Each line of the records needs to be written out exactly, with any image left out.

● **Data in this exercise**:
┄┄┄┄┄┄
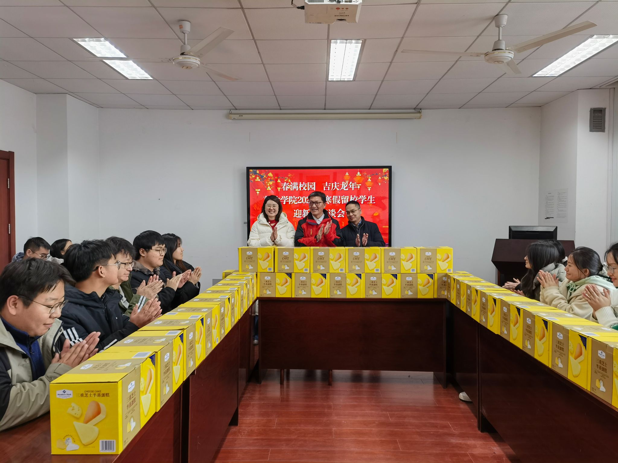 高务龙首先代表学院向春节留校学生送上节日的温暖问候和新春的美好祝福。学院领导关心慰问留校学生情况,提醒注意各类安全事项,保持身心健康,度过一个充实、愉快、平安的春节。
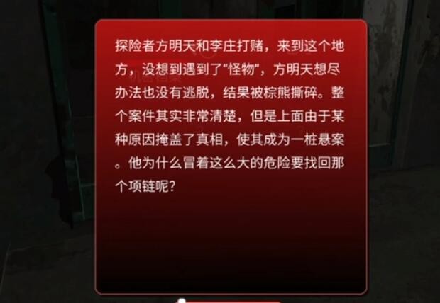 探险者方明天和李庄打赌,来到这个地方,没想到遇到了“怪物”,方明天想尽办法也没有逃脱,结果被棕熊撕碎,整个案件其实非常清楚,但是警局犹豫某种原因掩盖了真相,使其成为一桩悬案,他为什么冒着这么大的危险要找回那个项链呢
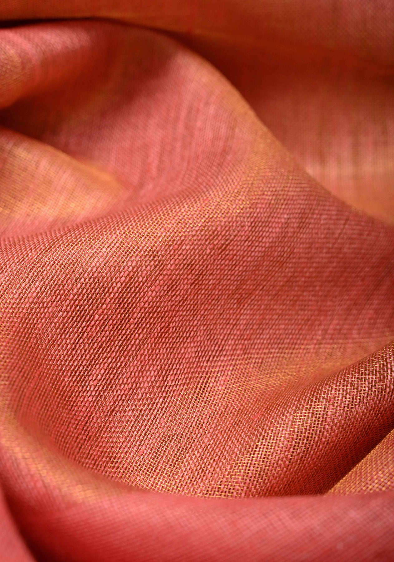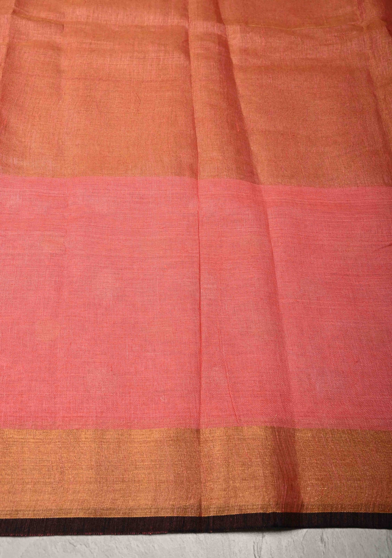 Experience timeless elegance with our Salmon Pink Tissue Body Linen Saree in a subtle Muted Antique Gold hue. This exquisite saree features a delicate tissue linen fabric that offers a soft, breathable feel, perfect for both festive occasions and formal gatherings. The standout detail is the Sona Rupa Polka Dots skirt border, adding a touch of traditional artistry and charm to the overall design. The harmonious blend of salmon pink and antique gold creates a sophisticated yet vibrant look, making this saree a versatile addition to your ethnic wardrobe. Pair it with statement jewelry and a classic blouse to complete your graceful ensemble.
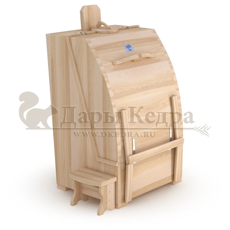 Кедровая бочка (фитобочка) квадратная «Профессиональная» Квадратная фитобочка из кедра - это мини парная, которую можно использовать не только в спа-салонах, но и дома. Толщина стенок составляет 40-45 мм, что позволяет увеличить срок службы изделия. Откидная дверь бочки во время открывания фиксируется внешней подставкой - опорой, которая в закрытом состоянии складывается и не занимает лишнее пространство. Во время парения человек сидит внутри кедровой бочки, а голова находится снаружи. Благодаря этому исключается возможность перегрева. Встроенная ручка из кедра на двери делает эксплуатацию фитобочки более удобной. Парение в фитобочке благотворно влияет на организм в целом: повышается иммунитет, выводятся шлаки и токсины, улучшается работа органов тела и состояние кожи.
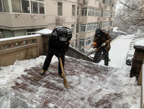 上圖為:退役士兵姜鐵華(左)清掃積雪,方便居民出行。
┄┄┄┄┄┄
● **Response to the task**:
 高务龙首先代表学院向春节留校学生送上节日的温暖问候和新春的美好祝福。学院领导关心慰问留校学生情况,提醒注意各类安全事项,保持身心健康,度过一个充实、愉快、平安的春节。
 探险者方明天和李庄打赌,来到这个地方,没想到遇到了“怪物”,方明天想尽办法也没有逃脱,结果被棕熊撕碎,整个案件其实非常清楚,但是警局犹豫某种原因掩盖了真相,使其成为一桩悬案,他为什么冒着这么大的危险要找回那个项链呢
 Experience timeless elegance with our Salmon Pink Tissue Body Linen Saree in a subtle Muted Antique Gold hue. This exquisite saree features a delicate tissue linen fabric that offers a soft, breathable feel, perfect for both festive occasions and formal gatherings. The standout detail is the Sona Rupa Polka Dots skirt border, adding a touch of traditional artistry and charm to the overall design. The harmonious blend of salmon pink and antique gold creates a sophisticated yet vibrant look, making this saree a versatile addition to your ethnic wardrobe. Pair it with statement jewelry and a classic blouse to complete your graceful ensemble.
 Кедровая бочка (фитобочка) квадратная «Профессиональная» Квадратная фитобочка из кедра - это мини парная, которую можно использовать не только в спа-салонах, но и дома. Толщина стенок составляет 40-45 мм, что позволяет увеличить срок службы изделия. Откидная дверь бочки во время открывания фиксируется внешней подставкой - опорой, которая в закрытом состоянии складывается и не занимает лишнее пространство. Во время парения человек сидит внутри кедровой бочки, а голова находится снаружи. Благодаря этому исключается возможность перегрева. Встроенная ручка из кедра на двери делает эксплуатацию фитобочки более удобной. Парение в фитобочке благотворно влияет на организм в целом: повышается иммунитет, выводятся шлаки и токсины, улучшается работа органов тела и состояние кожи.
 上圖為:退役士兵姜鐵華(左)清掃積雪,方便居民出行。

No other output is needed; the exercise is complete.